John Boyd, president of the National Black Farmers Association
welcomed the plan, but said it was "a dime too late."  "If the
change had been made a decade or more ago, it could have saved a
lot of black farmers," he told MidWest News.

The department currently has the option of appointing nonvoting
minority members to county committees if farmers do not elect
them to voting seats on the panels.  Under the proposed changes,
the department could independently nominate members from
minority groups to run for voting seats.  It also could appoint
voting members from minority groups to the committees if none
run or win election, Ed Loyd, a department spokesman told
Midwest News.  Placing minority group members on the committees
would be an option if, for instance, a committee has been the
target of bias complaints, he continued.

Recently, lawmakers said that the 1999 class action settlement
did not help most of the class, before a hearing of the House
Judiciary Committee's subcommittee on the Constitution.  About
65,000 black farmers were excluded because they did not file
claims in time, said subcommittee chairman Steve Chabot, R-Ohio.
"We cannot in good conscience allow a settlement that leaves out
more potential claimants than it allows in to go unexamined or
remain unresolved," Mr. Chabot told Midwest News.

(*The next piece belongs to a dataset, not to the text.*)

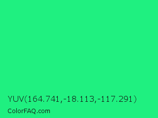 YUV 164.741,-18.113,-117.291 Color is a normal green color and the nearest color is Spring Green #00ff7f. Hex code #1ff080 and RGB value is rgb(31,240,128). In RGB color space, this color is composed of 12% red, 94% green, 50% blue, In CMYK color space, this color is composed of 87% cyan, 0% magenta, 47% yellow , 6% black , In HSL color space, this color has a hue angle of 148° , 87% saturation and 53% lightness.

Court-appointed administrators of the settlement countered that
their hands were tied by the settlement's own restrictions.  To
qualify for an extension, farmers had to show they were delayed
by extraordinary circumstances such as a hurricane or serious
illness, and most could not, Michael J. Lewis, the settlement's
arbitrator, told Midwest News.


UNITED STATES: Legislators Contemplate Action on USDA Settlement
----------------------------------------------------------------
At a recent House hearing, lawmakers from both parties raised
strong concerns that tens of thousands of black farmers were
effectively shut out of even getting considered for payments
under a 1999 civil-rights settlement between the U.S. Department
of Agriculture and black farmers, the Richmond Times Dispatch
reports.

According to Rep. Steve Chabot, R-Ohio and chairman of the House
Constitution subcommittee, "We will never be able to put the
racially discriminatory practices that have occurred, and
continue to occur, within the USDA behind us until every one of
these individuals has at least had the opportunity to be heard."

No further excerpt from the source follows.